Real-Time Genomic Characterization of Metastatic Pancreatic Neuroendocrine Tumors Has Prognostic Implications and Identifies Potential Germline Actionability

Nitya Raj  1 Ronak Shah  1 Zsofia Stadler  1 Semanti Mukherjee  1 Joanne Chou  1 Brian Untch  1 Janet Li  1 Virginia Kelly  1 Leonard B Saltz  1 Diana Mandelker  1 Marc Ladanyi  1 Michael F Berger  1 David S Klimstra  1 Diane Reidy-Lagunes  1 Muyinat Osoba  2
Affiliations

Real-Time Genomic Characterization of Metastatic Pancreatic Neuroendocrine Tumors Has Prognostic Implications and Identifies Potential Germline Actionability

Nitya Raj et al. JCO Precis Oncol. 2018.

Abstract

Purpose: We assessed the usefulness of real-time molecular profiling through next-generation sequencing (NGS) in predicting the tumor biology of advanced pancreatic neuroendocrine tumors (panNETs) and in characterizing genomic evolution.

Methods: Patients with metastatic panNETs were recruited in the routine clinical practice setting (between May 2014 and March 2017) for prospective NGS of their tumors as well as for germline analysis using the Memorial Sloan Kettering-Integrated Mutation Profiling of Actionable Cancer Targets (MSK-IMPACT) sequencing platform. When possible, NGS was performed at multiple time points.

Results: NGS was performed in 96 tumor samples from 80 patients. Somatic alterations were identified in 76 of 80 patients (95%). The most commonly altered genes were MEN1 (56%), DAXX (40%), ATRX (25%), and TSC2 (25%). Alterations could be defined in pathways that included chromatin remodeling factors, histone methyltransferases, and mammalian target of rapamycin pathway genes. Somatic loss of heterozygosity was particularly prevalent (50 of 96 samples [52%]), and the presence of loss of heterozygosity resulted in inferior overall survival (P < .01). Sequencing of pre- and post-treatment samples revealed tumor-grade progression; clonal evolution patterns were also seen (molecular resistance mechanisms and chemotherapy-associated mutagenesis). Germline genetic analysis identified clinically actionable pathogenic or likely pathogenic variants in 14 of 88 patients (16%), including mutations in high-penetrance cancer susceptibility genes (MEN1, TSC2, and VHL).
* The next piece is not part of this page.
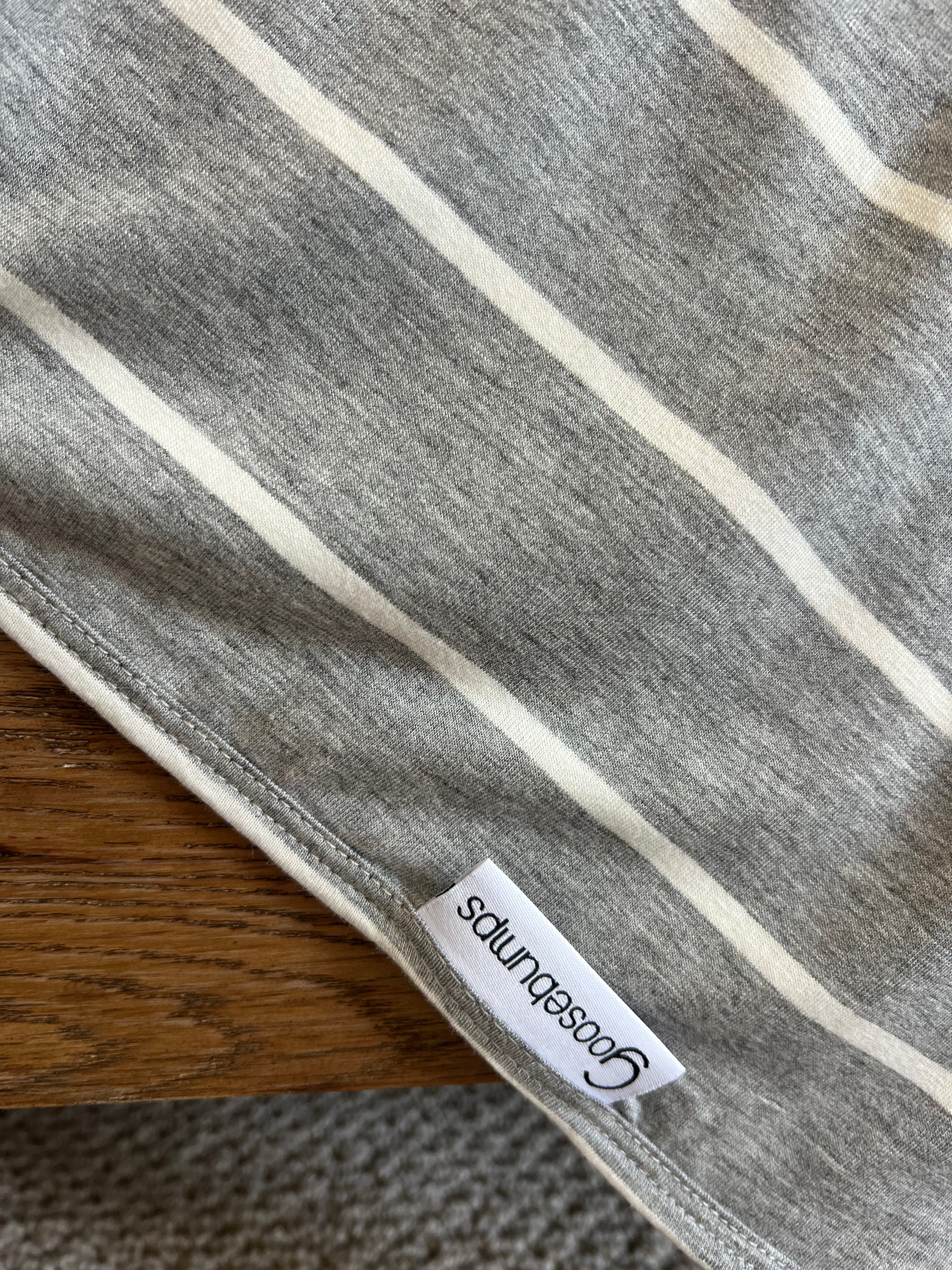 - heather grey and white stripe pattern, binded & backed in same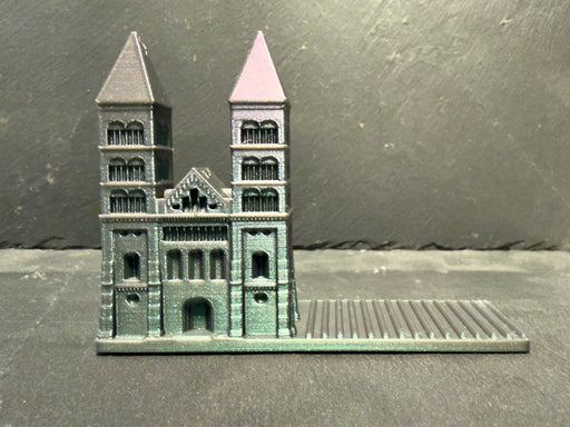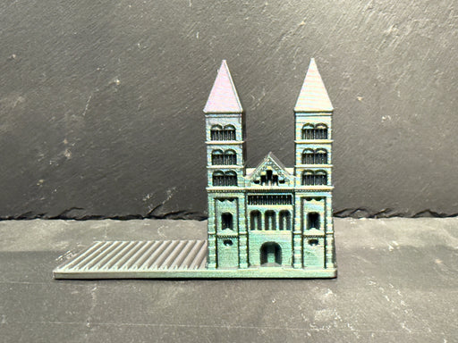 Bokstöd i form av lunds Domkyrka, tillverkad i Lund i återvunnen plast. Design Ola von Koskull.

Conclusion: A clinical NGS platform reveals pertubations of biologic pathways in metastatic panNETs that may inform prognosis and direct therapies. Repeat sequencing at disease progression reveals increasing tumor grade and genetic evolution, demonstrating that panNETs adopt a more aggressive behavior through time and therapies. In addition to frequent somatic mutations in MEN1 and TSC2, germline mutations in these same genes underlie susceptibility to panNETs and highlight the need to re-evaluate whether germline genetic analysis should be performed for all patients with panNETs.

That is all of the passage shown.